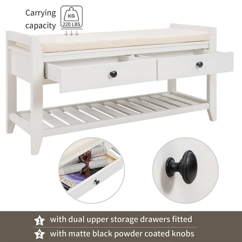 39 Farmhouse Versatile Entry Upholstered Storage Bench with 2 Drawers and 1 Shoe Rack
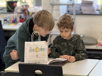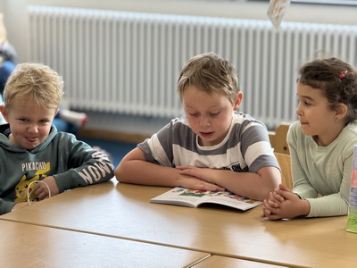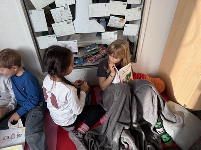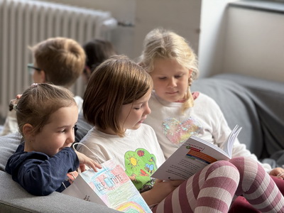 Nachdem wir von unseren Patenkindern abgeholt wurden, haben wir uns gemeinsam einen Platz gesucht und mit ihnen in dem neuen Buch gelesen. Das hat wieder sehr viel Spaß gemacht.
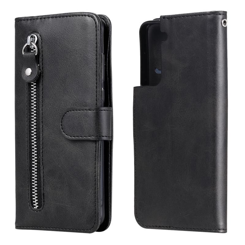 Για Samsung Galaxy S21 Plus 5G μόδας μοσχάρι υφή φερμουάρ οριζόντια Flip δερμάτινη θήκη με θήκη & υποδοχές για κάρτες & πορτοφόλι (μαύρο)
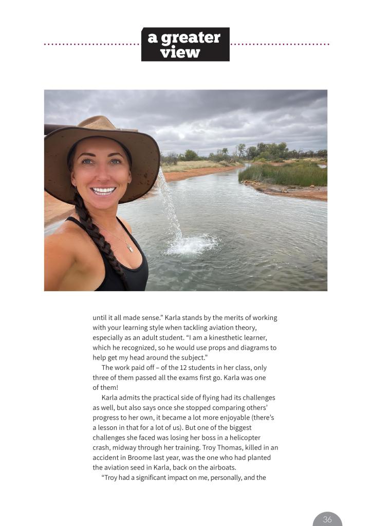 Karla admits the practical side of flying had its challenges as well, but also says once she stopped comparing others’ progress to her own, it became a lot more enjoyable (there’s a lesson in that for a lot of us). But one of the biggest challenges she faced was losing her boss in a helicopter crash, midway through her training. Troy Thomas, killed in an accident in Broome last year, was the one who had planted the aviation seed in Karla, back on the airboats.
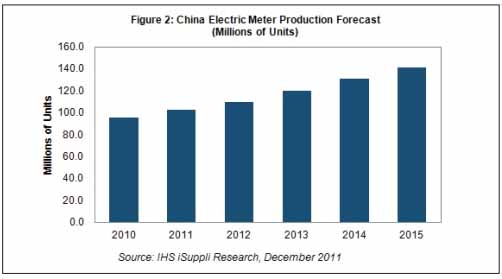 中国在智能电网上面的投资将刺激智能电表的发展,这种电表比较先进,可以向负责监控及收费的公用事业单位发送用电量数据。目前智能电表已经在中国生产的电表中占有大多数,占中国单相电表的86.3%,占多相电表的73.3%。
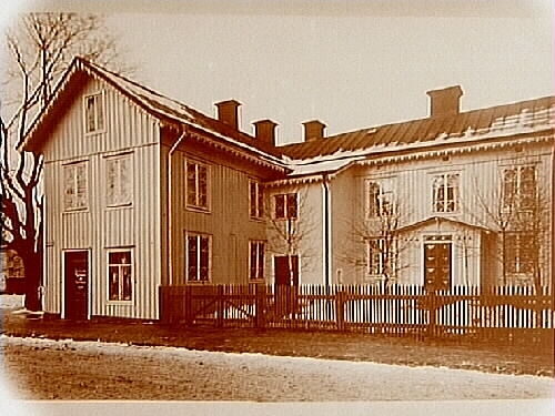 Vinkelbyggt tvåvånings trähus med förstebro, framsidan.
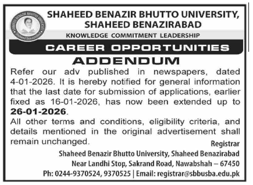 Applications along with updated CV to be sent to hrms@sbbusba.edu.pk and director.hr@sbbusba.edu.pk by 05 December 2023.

==

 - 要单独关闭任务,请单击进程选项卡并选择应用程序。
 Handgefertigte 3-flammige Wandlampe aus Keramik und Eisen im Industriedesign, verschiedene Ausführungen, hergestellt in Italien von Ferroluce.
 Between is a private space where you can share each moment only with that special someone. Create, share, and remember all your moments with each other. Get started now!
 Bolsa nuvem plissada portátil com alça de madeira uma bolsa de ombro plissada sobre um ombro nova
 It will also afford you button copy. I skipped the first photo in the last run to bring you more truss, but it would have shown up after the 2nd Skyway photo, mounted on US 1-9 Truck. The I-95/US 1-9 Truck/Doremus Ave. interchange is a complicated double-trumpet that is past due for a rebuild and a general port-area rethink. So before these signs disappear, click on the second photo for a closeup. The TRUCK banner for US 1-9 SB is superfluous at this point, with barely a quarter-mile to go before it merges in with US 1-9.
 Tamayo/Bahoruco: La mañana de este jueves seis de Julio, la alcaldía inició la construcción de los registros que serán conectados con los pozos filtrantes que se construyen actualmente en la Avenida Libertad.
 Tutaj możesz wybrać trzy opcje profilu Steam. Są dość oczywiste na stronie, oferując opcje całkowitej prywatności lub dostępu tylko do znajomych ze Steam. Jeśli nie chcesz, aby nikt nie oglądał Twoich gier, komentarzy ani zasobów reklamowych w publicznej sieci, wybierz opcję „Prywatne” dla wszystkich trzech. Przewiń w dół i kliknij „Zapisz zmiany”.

→ ASSIGNMENT:
Of the entries listed above, reproduce only the lines starting at the line containing "- 要单独关闭任务,请单击进程选项卡并选择应用程序。" and ending at the line containing "Tamayo/Bahoruco: La mañana". Include both, exactly as they stand.

→ ANSWER BOX:
 - 要单独关闭任务,请单击进程选项卡并选择应用程序。
 Handgefertigte 3-flammige Wandlampe aus Keramik und Eisen im Industriedesign, verschiedene Ausführungen, hergestellt in Italien von Ferroluce.
 Between is a private space where you can share each moment only with that special someone. Create, share, and remember all your moments with each other. Get started now!
 Bolsa nuvem plissada portátil com alça de madeira uma bolsa de ombro plissada sobre um ombro nova
 It will also afford you button copy. I skipped the first photo in the last run to bring you more truss, but it would have shown up after the 2nd Skyway photo, mounted on US 1-9 Truck. The I-95/US 1-9 Truck/Doremus Ave. interchange is a complicated double-trumpet that is past due for a rebuild and a general port-area rethink. So before these signs disappear, click on the second photo for a closeup. The TRUCK banner for US 1-9 SB is superfluous at this point, with barely a quarter-mile to go before it merges in with US 1-9.
 Tamayo/Bahoruco: La mañana de este jueves seis de Julio, la alcaldía inició la construcción de los registros que serán conectados con los pozos filtrantes que se construyen actualmente en la Avenida Libertad.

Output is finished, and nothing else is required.